*** Block opens ***

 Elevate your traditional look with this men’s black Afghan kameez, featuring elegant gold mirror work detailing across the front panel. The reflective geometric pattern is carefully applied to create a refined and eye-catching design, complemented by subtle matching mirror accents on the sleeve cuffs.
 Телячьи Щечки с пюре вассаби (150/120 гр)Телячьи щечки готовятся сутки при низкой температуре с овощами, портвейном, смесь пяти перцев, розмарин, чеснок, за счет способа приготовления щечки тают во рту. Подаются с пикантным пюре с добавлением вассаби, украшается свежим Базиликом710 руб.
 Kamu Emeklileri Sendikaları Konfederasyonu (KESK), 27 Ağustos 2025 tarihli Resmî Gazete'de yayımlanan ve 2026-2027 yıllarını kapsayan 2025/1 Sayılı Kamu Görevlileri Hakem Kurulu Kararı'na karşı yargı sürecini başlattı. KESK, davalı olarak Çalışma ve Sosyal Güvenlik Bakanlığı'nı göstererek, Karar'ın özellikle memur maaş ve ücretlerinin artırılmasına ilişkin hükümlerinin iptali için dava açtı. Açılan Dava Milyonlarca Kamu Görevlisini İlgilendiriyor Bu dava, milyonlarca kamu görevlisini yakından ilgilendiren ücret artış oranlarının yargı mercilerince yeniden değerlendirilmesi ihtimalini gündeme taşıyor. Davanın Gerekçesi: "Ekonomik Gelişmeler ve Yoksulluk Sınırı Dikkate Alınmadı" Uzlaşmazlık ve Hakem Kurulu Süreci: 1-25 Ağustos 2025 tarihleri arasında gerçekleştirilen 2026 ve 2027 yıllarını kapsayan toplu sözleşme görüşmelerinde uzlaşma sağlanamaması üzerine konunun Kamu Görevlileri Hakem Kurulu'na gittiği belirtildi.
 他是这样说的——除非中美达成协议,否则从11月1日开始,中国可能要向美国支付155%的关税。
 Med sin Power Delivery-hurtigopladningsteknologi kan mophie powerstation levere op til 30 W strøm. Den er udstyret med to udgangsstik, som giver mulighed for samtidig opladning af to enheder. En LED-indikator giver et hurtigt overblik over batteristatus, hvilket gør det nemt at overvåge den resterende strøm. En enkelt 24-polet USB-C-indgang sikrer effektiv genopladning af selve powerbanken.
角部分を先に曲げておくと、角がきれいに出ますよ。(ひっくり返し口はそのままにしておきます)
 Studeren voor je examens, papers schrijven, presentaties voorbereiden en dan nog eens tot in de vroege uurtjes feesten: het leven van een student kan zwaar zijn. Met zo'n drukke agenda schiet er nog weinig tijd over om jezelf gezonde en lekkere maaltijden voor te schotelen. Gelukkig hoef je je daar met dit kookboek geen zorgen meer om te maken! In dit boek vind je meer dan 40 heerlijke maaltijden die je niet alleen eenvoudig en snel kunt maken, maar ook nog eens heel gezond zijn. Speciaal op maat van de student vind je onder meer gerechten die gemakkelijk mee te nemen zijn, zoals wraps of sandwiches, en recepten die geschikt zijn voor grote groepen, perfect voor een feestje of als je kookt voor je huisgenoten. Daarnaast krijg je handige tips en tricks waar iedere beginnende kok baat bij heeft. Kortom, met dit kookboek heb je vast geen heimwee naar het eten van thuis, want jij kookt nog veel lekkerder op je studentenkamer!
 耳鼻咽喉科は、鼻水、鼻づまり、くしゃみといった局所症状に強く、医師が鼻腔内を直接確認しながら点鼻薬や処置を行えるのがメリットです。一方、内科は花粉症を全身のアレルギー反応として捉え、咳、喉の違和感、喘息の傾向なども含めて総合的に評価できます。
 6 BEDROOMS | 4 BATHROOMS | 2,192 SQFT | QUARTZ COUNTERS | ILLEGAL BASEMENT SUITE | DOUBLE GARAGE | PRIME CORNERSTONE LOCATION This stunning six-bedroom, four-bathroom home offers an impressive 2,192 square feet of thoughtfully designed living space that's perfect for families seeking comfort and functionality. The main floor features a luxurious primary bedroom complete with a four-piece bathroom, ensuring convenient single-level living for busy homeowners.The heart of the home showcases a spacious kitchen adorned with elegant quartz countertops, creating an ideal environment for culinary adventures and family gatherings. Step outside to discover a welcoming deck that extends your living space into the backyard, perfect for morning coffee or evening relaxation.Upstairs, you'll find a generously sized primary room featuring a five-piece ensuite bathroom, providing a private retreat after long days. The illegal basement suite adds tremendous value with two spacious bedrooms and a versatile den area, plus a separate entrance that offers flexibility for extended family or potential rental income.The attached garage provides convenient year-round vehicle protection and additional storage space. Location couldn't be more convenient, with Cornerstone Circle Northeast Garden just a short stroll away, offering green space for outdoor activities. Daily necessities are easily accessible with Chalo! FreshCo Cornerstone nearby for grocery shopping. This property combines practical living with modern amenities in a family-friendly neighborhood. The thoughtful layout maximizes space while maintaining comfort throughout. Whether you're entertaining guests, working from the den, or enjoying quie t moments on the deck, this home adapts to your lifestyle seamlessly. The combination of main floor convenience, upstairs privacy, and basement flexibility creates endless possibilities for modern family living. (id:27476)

*** Block closes ***

Task requirements:
Could you reproduce all of the entries above exactly?

Finished exercise:
 Elevate your traditional look with this men’s black Afghan kameez, featuring elegant gold mirror work detailing across the front panel. The reflective geometric pattern is carefully applied to create a refined and eye-catching design, complemented by subtle matching mirror accents on the sleeve cuffs.
 Телячьи Щечки с пюре вассаби (150/120 гр)Телячьи щечки готовятся сутки при низкой температуре с овощами, портвейном, смесь пяти перцев, розмарин, чеснок, за счет способа приготовления щечки тают во рту. Подаются с пикантным пюре с добавлением вассаби, украшается свежим Базиликом710 руб.
 Kamu Emeklileri Sendikaları Konfederasyonu (KESK), 27 Ağustos 2025 tarihli Resmî Gazete'de yayımlanan ve 2026-2027 yıllarını kapsayan 2025/1 Sayılı Kamu Görevlileri Hakem Kurulu Kararı'na karşı yargı sürecini başlattı. KESK, davalı olarak Çalışma ve Sosyal Güvenlik Bakanlığı'nı göstererek, Karar'ın özellikle memur maaş ve ücretlerinin artırılmasına ilişkin hükümlerinin iptali için dava açtı. Açılan Dava Milyonlarca Kamu Görevlisini İlgilendiriyor Bu dava, milyonlarca kamu görevlisini yakından ilgilendiren ücret artış oranlarının yargı mercilerince yeniden değerlendirilmesi ihtimalini gündeme taşıyor. Davanın Gerekçesi: "Ekonomik Gelişmeler ve Yoksulluk Sınırı Dikkate Alınmadı" Uzlaşmazlık ve Hakem Kurulu Süreci: 1-25 Ağustos 2025 tarihleri arasında gerçekleştirilen 2026 ve 2027 yıllarını kapsayan toplu sözleşme görüşmelerinde uzlaşma sağlanamaması üzerine konunun Kamu Görevlileri Hakem Kurulu'na gittiği belirtildi.
 他是这样说的——除非中美达成协议,否则从11月1日开始,中国可能要向美国支付155%的关税。
 Med sin Power Delivery-hurtigopladningsteknologi kan mophie powerstation levere op til 30 W strøm. Den er udstyret med to udgangsstik, som giver mulighed for samtidig opladning af to enheder. En LED-indikator giver et hurtigt overblik over batteristatus, hvilket gør det nemt at overvåge den resterende strøm. En enkelt 24-polet USB-C-indgang sikrer effektiv genopladning af selve powerbanken.
角部分を先に曲げておくと、角がきれいに出ますよ。(ひっくり返し口はそのままにしておきます)
 Studeren voor je examens, papers schrijven, presentaties voorbereiden en dan nog eens tot in de vroege uurtjes feesten: het leven van een student kan zwaar zijn. Met zo'n drukke agenda schiet er nog weinig tijd over om jezelf gezonde en lekkere maaltijden voor te schotelen. Gelukkig hoef je je daar met dit kookboek geen zorgen meer om te maken! In dit boek vind je meer dan 40 heerlijke maaltijden die je niet alleen eenvoudig en snel kunt maken, maar ook nog eens heel gezond zijn. Speciaal op maat van de student vind je onder meer gerechten die gemakkelijk mee te nemen zijn, zoals wraps of sandwiches, en recepten die geschikt zijn voor grote groepen, perfect voor een feestje of als je kookt voor je huisgenoten. Daarnaast krijg je handige tips en tricks waar iedere beginnende kok baat bij heeft. Kortom, met dit kookboek heb je vast geen heimwee naar het eten van thuis, want jij kookt nog veel lekkerder op je studentenkamer!
 耳鼻咽喉科は、鼻水、鼻づまり、くしゃみといった局所症状に強く、医師が鼻腔内を直接確認しながら点鼻薬や処置を行えるのがメリットです。一方、内科は花粉症を全身のアレルギー反応として捉え、咳、喉の違和感、喘息の傾向なども含めて総合的に評価できます。
 6 BEDROOMS | 4 BATHROOMS | 2,192 SQFT | QUARTZ COUNTERS | ILLEGAL BASEMENT SUITE | DOUBLE GARAGE | PRIME CORNERSTONE LOCATION This stunning six-bedroom, four-bathroom home offers an impressive 2,192 square feet of thoughtfully designed living space that's perfect for families seeking comfort and functionality. The main floor features a luxurious primary bedroom complete with a four-piece bathroom, ensuring convenient single-level living for busy homeowners.The heart of the home showcases a spacious kitchen adorned with elegant quartz countertops, creating an ideal environment for culinary adventures and family gatherings. Step outside to discover a welcoming deck that extends your living space into the backyard, perfect for morning coffee or evening relaxation.Upstairs, you'll find a generously sized primary room featuring a five-piece ensuite bathroom, providing a private retreat after long days. The illegal basement suite adds tremendous value with two spacious bedrooms and a versatile den area, plus a separate entrance that offers flexibility for extended family or potential rental income.The attached garage provides convenient year-round vehicle protection and additional storage space. Location couldn't be more convenient, with Cornerstone Circle Northeast Garden just a short stroll away, offering green space for outdoor activities. Daily necessities are easily accessible with Chalo! FreshCo Cornerstone nearby for grocery shopping. This property combines practical living with modern amenities in a family-friendly neighborhood. The thoughtful layout maximizes space while maintaining comfort throughout. Whether you're entertaining guests, working from the den, or enjoying quie t moments on the deck, this home adapts to your lifestyle seamlessly. The combination of main floor convenience, upstairs privacy, and basement flexibility creates endless possibilities for modern family living. (id:27476)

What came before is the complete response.